People who want children to thrive should keep track of our team’s amazing work by subscribing to our newsletter and Twitter feed, and by getting behind these five tax reforms:
- While teachers, nurses and construction workers have taxes deducted every pay period, most billionaire wealth is in the form of unrealized capital gains (think big stock portfolios that grow every year), which are not taxed. Even when those assets are sold and the gains are “realized,” that income from wealth is taxed at a lower rate than taxes on income from work. We should tax the very wealthiest – those who’ve gained the most from our system – by implementing the Billionaire Minimum Income Tax, equalizing the rates on capital gains taxes with rates on earned income, and expanding state capital gains taxes.
- Stop letting corporations avoid taxes by shifting profits to tax havens. Instead, pass an international corporate minimum tax and improve corporate taxes at the state level.
- Fix upside-down state policies that force regular families to spend more of their income on taxes than the wealthiest do by having graduated state income taxes and using the money to pay for community needs.
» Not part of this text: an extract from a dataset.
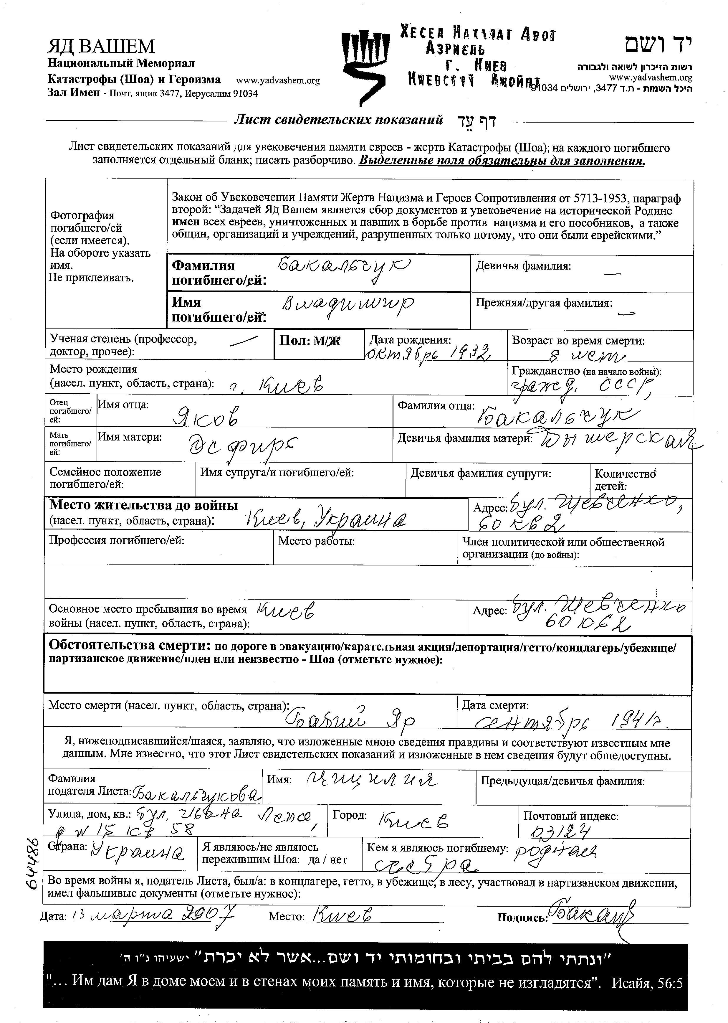 Bakalchuk Vladimir 1932 Kiev, Ukraine (URSS) Feuille de témoignage

- Use the tax code itself to provide targeted refundable tax credits that help families and slash poverty. Do it by expanding the federal Child Tax Credit or the federal Earned Income Tax Credit or by growing these credits at the state level, as many states are doing.
- Finally and most importantly, once we’ve raised this revenue in smart, fair ways, use it to support kids. Provide affordable or free child care and preschool as most European countries do. Allow paid parental leave as nearly every other country does. Make it easier for working class kids of all races to afford college. And fund the schools, parks and libraries that enrich kids’ lives and help them dream big.
In this country of abundance, we have more than enough to go around: for all the toddlers in Detroit to be in nurturing child care while their parents go to work, for every sixth grader in New Mexico to be in a school they find inspiring, and for every teenager in Jackson or New Orleans to know that affordable college is within reach. We can make sure that from coast to coast and everywhere in between, pregnant women get prenatal care so their babies are born healthy and all children are raised in families where necessities are guaranteed.
Tax policy is crucial to creating an economy that works for the next generation of Americans.